Participants in the immediate-intensive statin therapy group received atorvastatin, 80 mg daily, for days 1 to 21, followed by 40 mg daily for days 22 to 90. Participants in the delayed-intensive statin therapy group received an atorvastatin placebo for days 1 to 3, followed by atorvastatin placebo and atorvastatin, 40 mg daily, for days 4 to 21, and then 40 mg daily for days 22 to 90. After the 3-month study therapy, participants received standard care based on the latest guidelines at the discretion of the local investigator, and outcomes were followed up for an additional 9 months with continued information collection, which has yet to undergo analysis. A detailed flowchart of the assessment schedule is provided in the protocol (Supplement 1).

Outcomes

The primary efficacy outcome was any new stroke (ischemic or hemorrhagic) at 90 days. Secondary efficacy outcomes included composite vascular event (stroke, myocardial infarction [MI], or vascular death), ischemic stroke, TIA, MI, vascular death, and poor functional outcome (mRS score of 2-6) within 3 months. The new stroke or TIA was also measured using a 6-level ordered category scale that incorporated vascular events with mRS score: 6 = death, 5 = fatal stroke (stroke with subsequent death), 4 = severe stroke (stroke followed by mRS score of 4 or 5), 3 = moderate stroke (stroke followed by mRS score of 2 or 3), 2 = mild stroke (stroke followed by mRS score of 0 or 1), 1 = TIA, and 0 = neither stroke nor TIA at 3 months.²² Definitions for efficacy outcomes can be found in Supplement 1.

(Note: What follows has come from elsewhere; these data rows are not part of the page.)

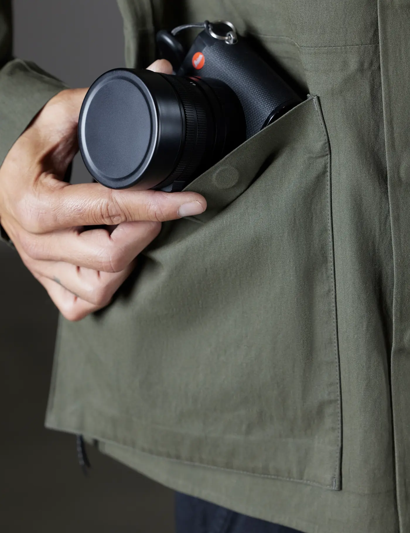 “In collaboration with Leica, we constructed this uniquely functional jacket from a weather-resistant, waxed cotton-nylon blend fabric and designed it with the specific needs of photographers in mind. We finished it with the thoughtful details we’re known for, creating a spacious outer layer that honors the spirit of the globetrotting artists who inspired it.”
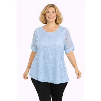 Álomszép csupa csipke blúz, egybevarrt pamut alsó trikóval. Hátulja színével egyező, lágy esésű muszlin anyag. Alatta pocakot takaró, elasztikus trikóval rendelkezik. Kerek nyakú, ejtett vállú. Ujján muszlin betét kapott helyett. Egyméretes minőségi Olaszországból származó termékünk, melyet 50-56 méretig ajánljuk. |
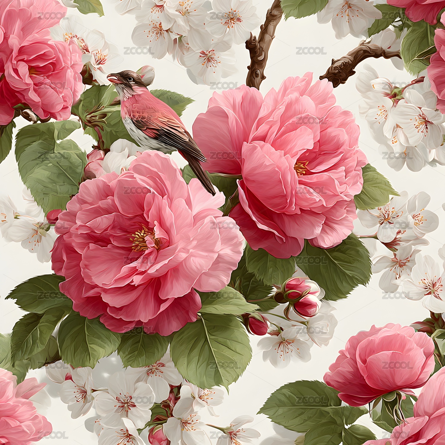 春日花卉与鸟的和谐画面
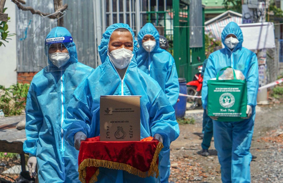 Từ ngày 8/8, trước tình hình thực tế có những người qua đời vì COVID-19 mà người thân không thể có mặt ngay để lo hậu sự, Bộ Tư lệnh TP Hồ Chí Minh đã thành lập các tổ công tác đặc biệt giúp đỡ người dân thực hiện công việc nghĩa tình này. Đội công tác thay mặt gia đình thực hiện việc chăm sóc chu toàn cho người mất từ khâu khâm liệm đến lúc bàn giao tro cốt cho thân nhân người đã khuất.
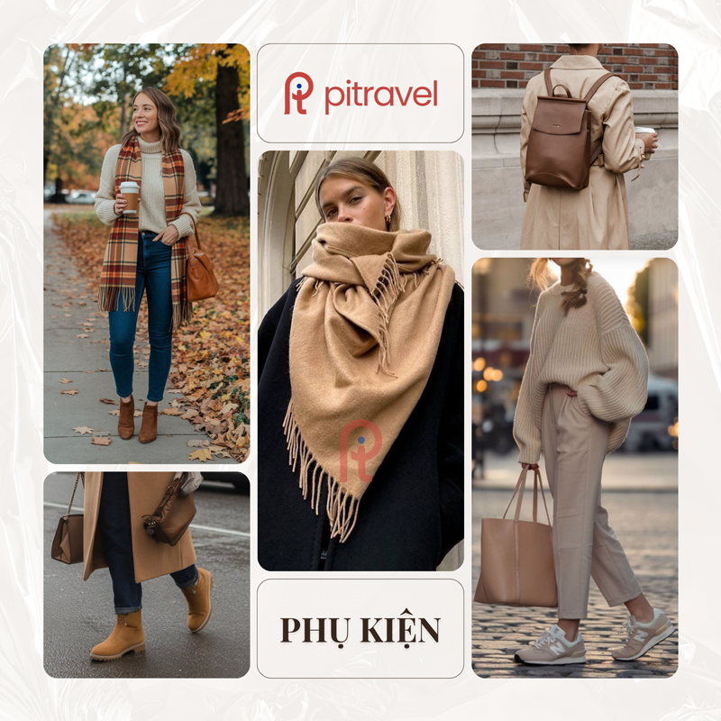 Hành trình Châu Âu mùa thu sẽ thật trọn vẹn nếu bạn có một đôi giày đồng hành thoải mái. Giày thể thao êm ái sẽ giúp bạn tận hưởng trọn vẹn từng bước chân trên những con đường lát đá cổ kính, trong khi bốt cổ thấp chống nước mang lại sự an tâm cho những cơn mưa bất chợt mà vẫn giữ nguyên vẻ thanh lịch. Ngoài ra, khăn choàng chính là điểm nhấn hoàn hảo, có thể là khăn lụa mảnh mai để tô điểm cho trang phục hoặc khăn dày ấm áp cho những buổi sớm mai se lạnh. Một chiếc túi vải cỡ vừa, balo nhỏ hoặc túi đeo vai sẽ tiện lợi để mang theo chai nước, ô gấp và áo khoác dự phòng gọn nhẹ nhưng cực kỳ hữu ích.
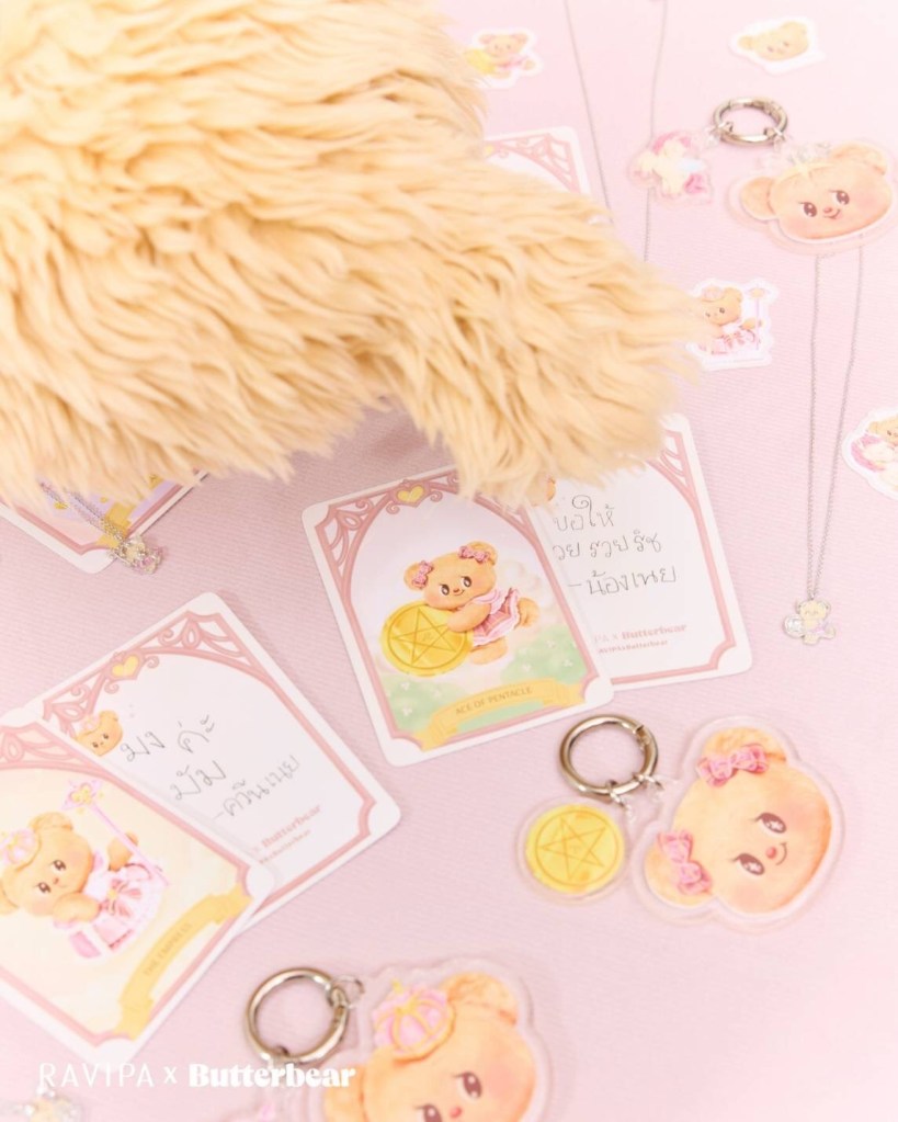 Buttertarot Collection ได้รับแรงบันดาลใจจากศาสตร์แห่งไพ่ทาโรต์ ถ่ายทอดความหมายลึกซึ้งผ่าน 5 สัญลักษณ์อันทรงพลัง ได้แก่ The Sun, The Empress, The Chariot, The Magician และ Ace of Pentacle ซึ่งแต่ละสัญลักษณ์สะท้อนพลังบวก ความสำเร็จ และความสมหวัง โดยเสริมด้วยอัญมณีแท้ที่เชื่อกันว่ามีพลังดึงดูดความรัก ความมั่งคั่ง และความสุข คอลเลคชั่นนี้นำเสนอทั้งในรูปแบบเครื่องประดับ อาทิ สร้อยข้อมือและสร้อยคอ ตลอดจนไลฟ์สไตล์ไอเทมที่สามารถพกพาความหมายอันงดงามและความสดใสของ Butterbear ไปในทุกวัน
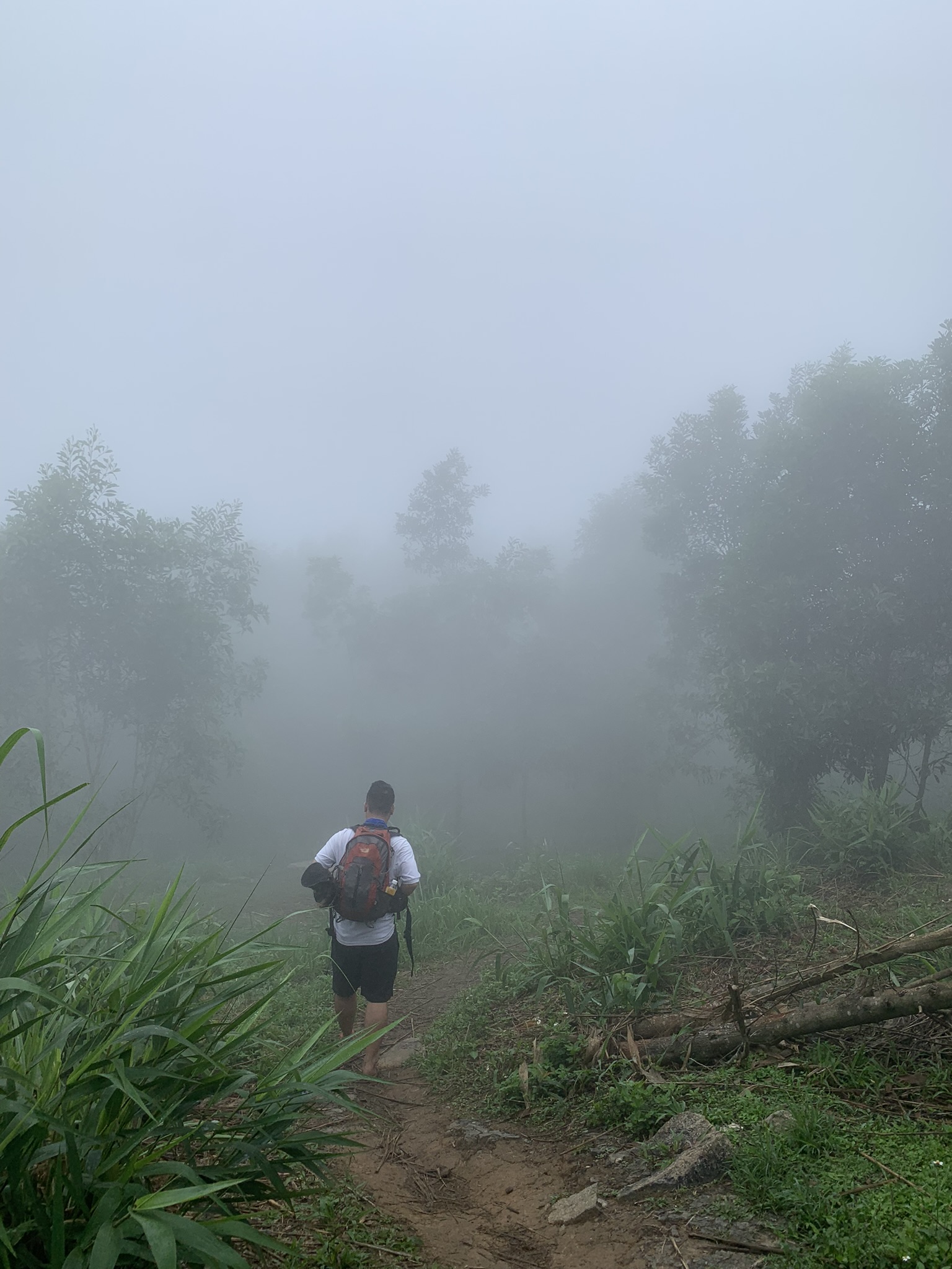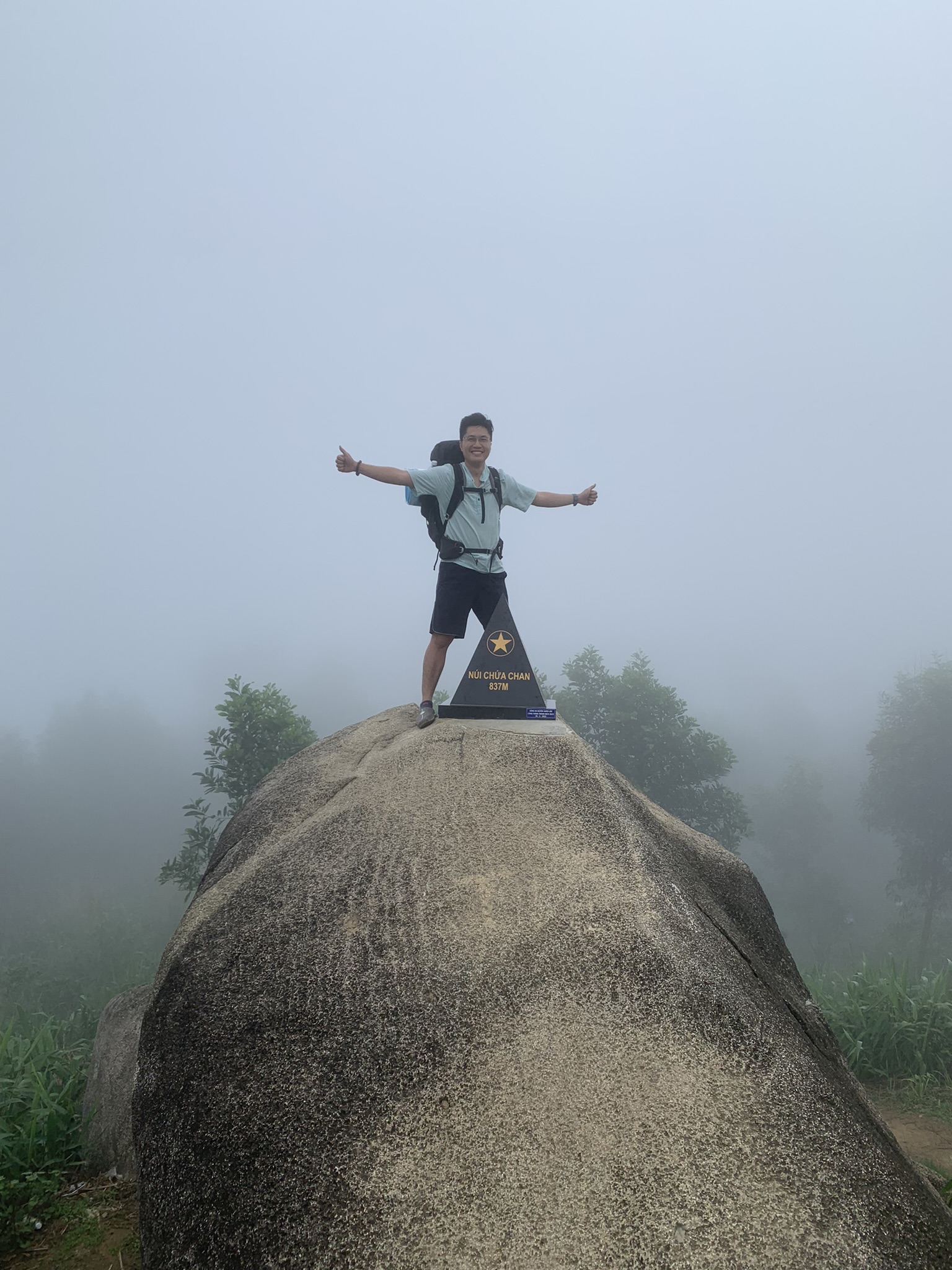 Một đêm trên đỉnh cũng qua, sáng ra trời trong xanh, đun ấm nước nấu mì ăn, dọn dẹp thu lều gấp gọn vào ba lô. Gần 8h sương mù một lần nữa đưa mọi thứ chìm trong mờ ảo. Đi một chút thì tới cột mốc đánh dấu đô cao núi Chứa Chan, chụp vài bức làm kỉ niệm sau đó men theo lối mòn để đi xuống Chùa.

The primary safety outcome was moderate to severe bleeding defined by the standards from the Global Utilization of Streptokinase and Tissue Plasminogen Activator for Occluded Coronary Arteries (GUSTO) criteria.²³ The secondary safety outcomes included hepatotoxicity (alkaline phosphatase or aspartate aminotransferase level more than 3 times the upper limit of normal range), muscle toxicity (creatine kinase level more than 10 times the upper limit of normal range, presence of muscle pain, myopathy, or rhabdomyolysis), all-cause mortality, intracranial hemorrhage, any bleeding, and additional adverse or severe adverse events within 90 days.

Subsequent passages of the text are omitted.